Work instructions:
Extract the records in full, leaving every picture out.

Records supplied:
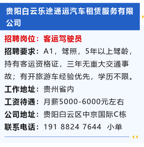 贵阳市白云区招聘客运驾驶员!月薪5000-6000元!不限学历!
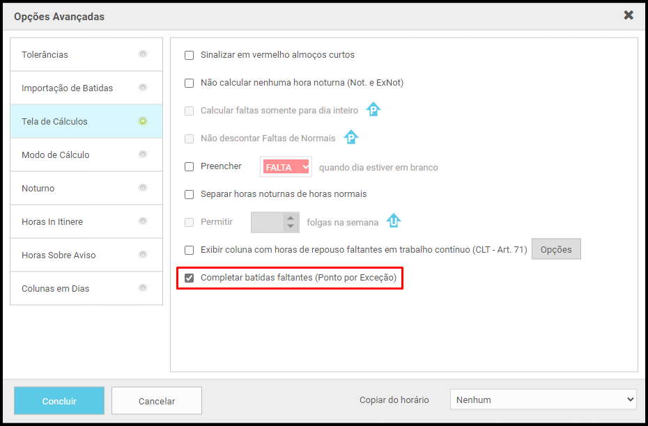 - Marque a opção Completar batidas faltantes (Ponto por Exceção), conforme imagem abaixo.
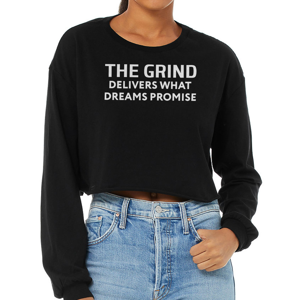 The Grind Delivers What Dreams Promise Cropped Long Sleeve Sweatshirt
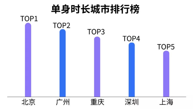 而从地域上看,北京单身租客中,单身5年以上的租客占比最高,领衔单身时长排行榜。其次分别为广州、重庆、深圳、上海。
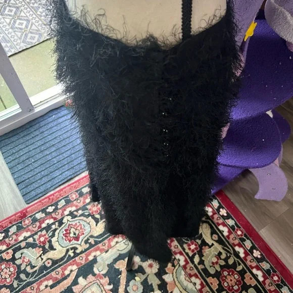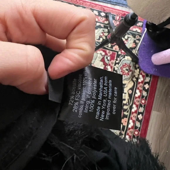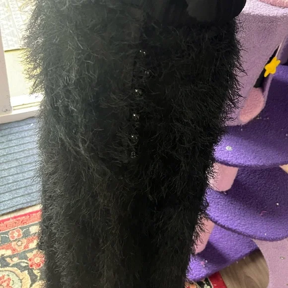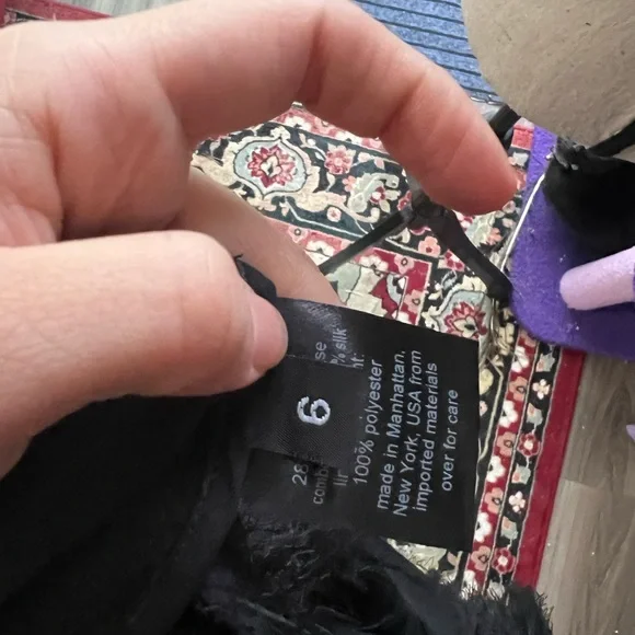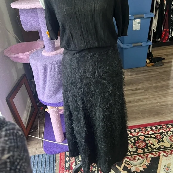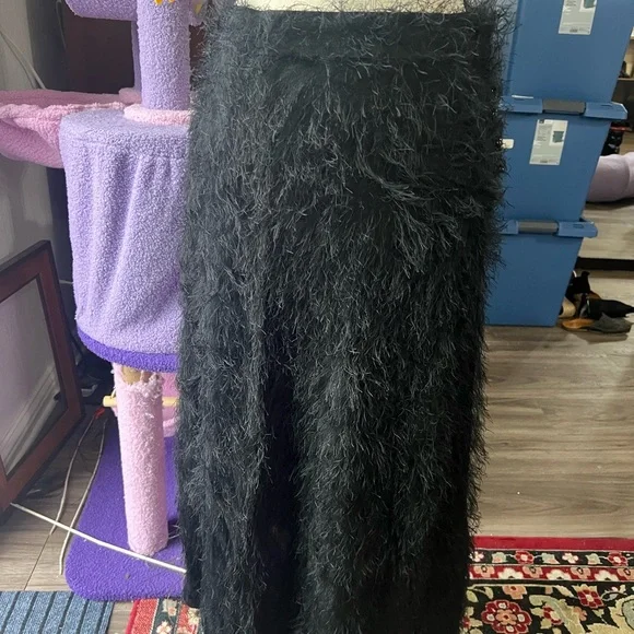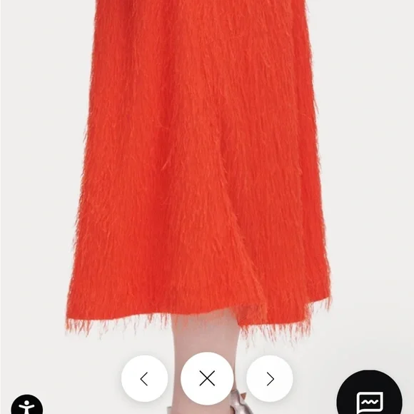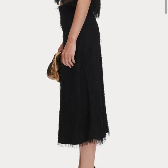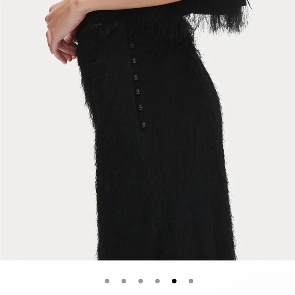 Black beautiful fringe fabric with lots of movement and wonderful silky feel! This was a best seller at Rachel Comey and is in excellent condition. The eyelash crepe fabric has lovely movement. I wear a 27 and it felt great and not tight at all. I would say 26-28 this would fit just fine High-waisted A-line skirt in our fun and feathery Eyelash Crepe jacquard. Wear with the matching Bacchus Top for a perfect party look.• 72% Acetate, 28% FSC Viscose• Button closure• Made in USAStyle: 241W-563-S1731Color is black but I added a pic of the orange color so you can get a closer look at the lovely fabric

Written answer:
 贵阳市白云区招聘客运驾驶员!月薪5000-6000元!不限学历!
 - Marque a opção Completar batidas faltantes (Ponto por Exceção), conforme imagem abaixo.
 The Grind Delivers What Dreams Promise Cropped Long Sleeve Sweatshirt
 而从地域上看,北京单身租客中,单身5年以上的租客占比最高,领衔单身时长排行榜。其次分别为广州、重庆、深圳、上海。
 Black beautiful fringe fabric with lots of movement and wonderful silky feel! This was a best seller at Rachel Comey and is in excellent condition. The eyelash crepe fabric has lovely movement. I wear a 27 and it felt great and not tight at all. I would say 26-28 this would fit just fine High-waisted A-line skirt in our fun and feathery Eyelash Crepe jacquard. Wear with the matching Bacchus Top for a perfect party look.• 72% Acetate, 28% FSC Viscose• Button closure• Made in USAStyle: 241W-563-S1731Color is black but I added a pic of the orange color so you can get a closer look at the lovely fabric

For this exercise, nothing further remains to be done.